### Exercise:
When you return the data, keep every word exact and include none of the images.

### Data provided:
○ ○ ○ ○ ○

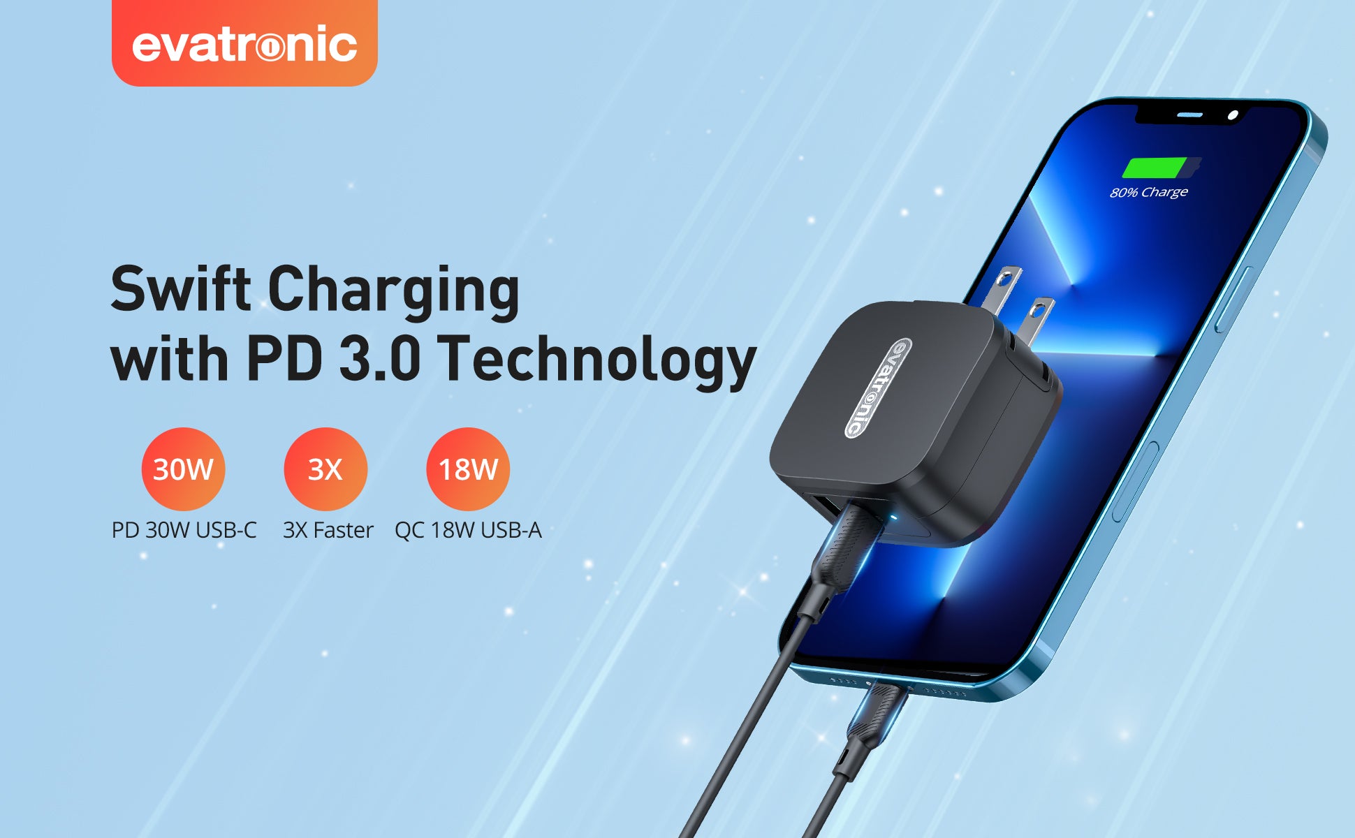 Supplying 30 watts of power across two USB-C ports, the Evatronic 30W USB-C Power Adapter is a great choice if you need to keep several devices ready to go. Enjoy fast, efficient charging at home, the office, or on the go.
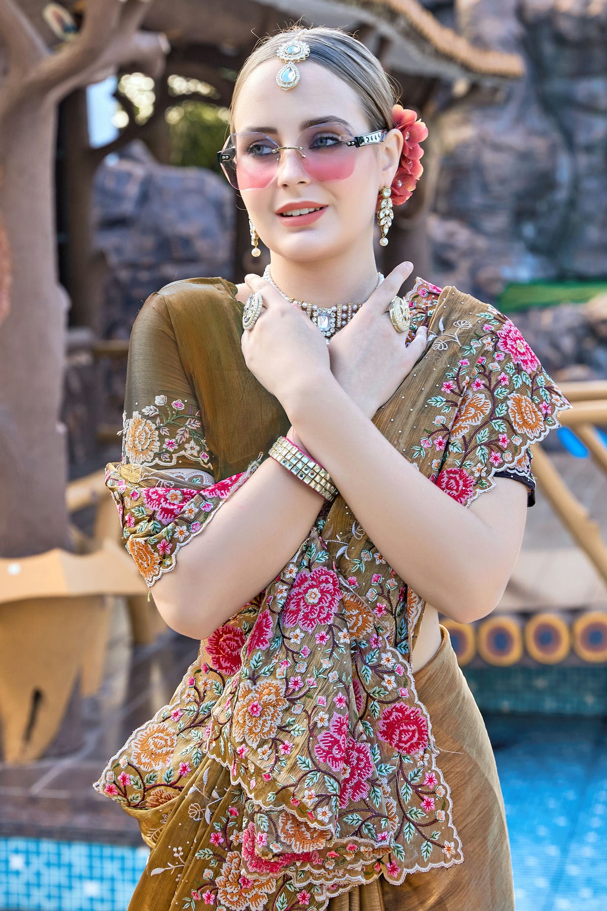 This Enchanting Saree Seamlessly Combines Timeless Tradition With Contemporary Style. Made From Premium Fabric, It Showcases Intricate Details And A Flattering, Elegant Drape. Ideal For Weddings, Festivals, Or Special Events, It Exudes Refinement And Charm. Offered In An Array Of Stunning Colors, This Saree Is A Must-Have For Any Stylish Wardrobe.
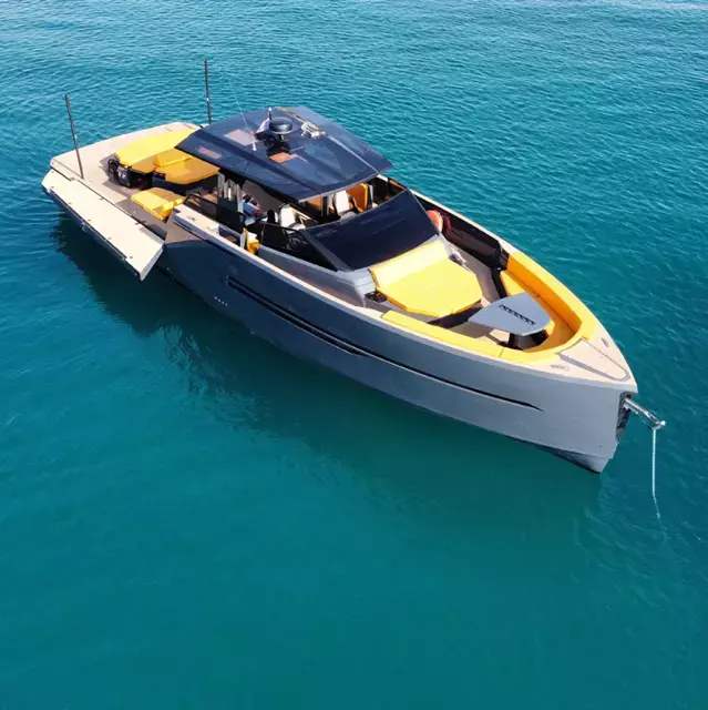 Flying Spur is a powerboat that offers smooth sailing over the waters of Mediterranean. With an intimate crew, stunning features, and capacity to visit more locations in a full-day charter, guests can immerse themselves in the beauty of the coasts, the nearby islands, or simply revel in this powerboat charter experience.
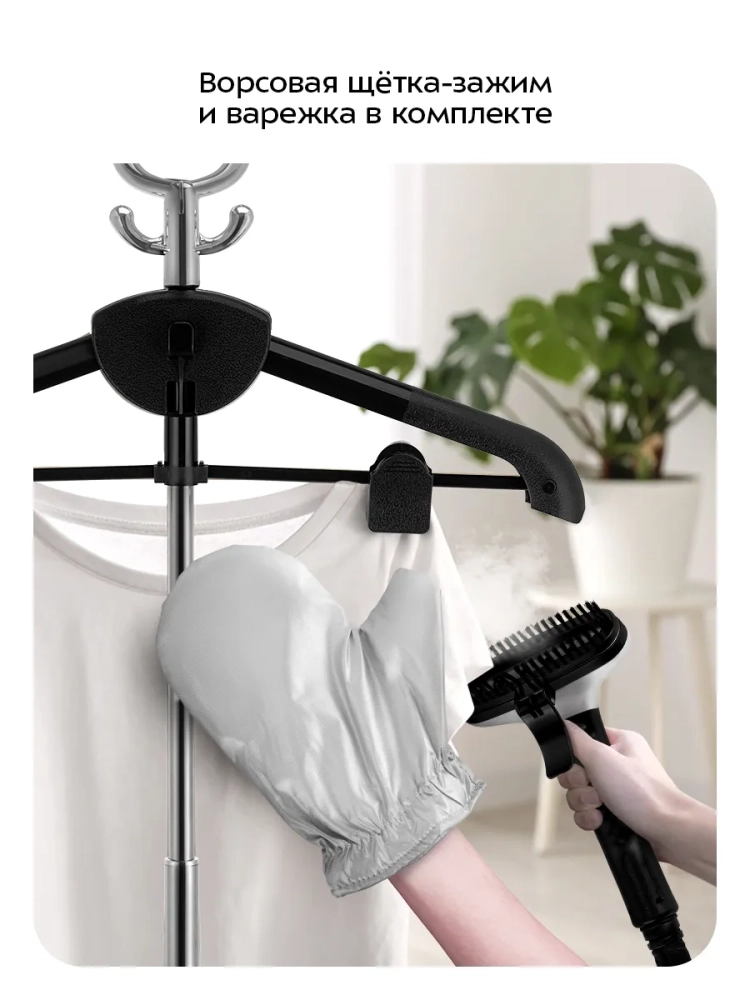 В комплекте есть защитная варежка, которая может избежать ожогов при отпаривании, и ворсовая щетка-зажим, которая поможет счистить волосы и шерсть домашних животных с одежды и обивки мягкой мебели. Щетку-зажим можно использовать для создания стрелок на брюках.

○ ○ ○ ○ ○

### Response box:
 Supplying 30 watts of power across two USB-C ports, the Evatronic 30W USB-C Power Adapter is a great choice if you need to keep several devices ready to go. Enjoy fast, efficient charging at home, the office, or on the go.
 This Enchanting Saree Seamlessly Combines Timeless Tradition With Contemporary Style. Made From Premium Fabric, It Showcases Intricate Details And A Flattering, Elegant Drape. Ideal For Weddings, Festivals, Or Special Events, It Exudes Refinement And Charm. Offered In An Array Of Stunning Colors, This Saree Is A Must-Have For Any Stylish Wardrobe.
 Flying Spur is a powerboat that offers smooth sailing over the waters of Mediterranean. With an intimate crew, stunning features, and capacity to visit more locations in a full-day charter, guests can immerse themselves in the beauty of the coasts, the nearby islands, or simply revel in this powerboat charter experience.
 В комплекте есть защитная варежка, которая может избежать ожогов при отпаривании, и ворсовая щетка-зажим, которая поможет счистить волосы и шерсть домашних животных с одежды и обивки мягкой мебели. Щетку-зажим можно использовать для создания стрелок на брюках.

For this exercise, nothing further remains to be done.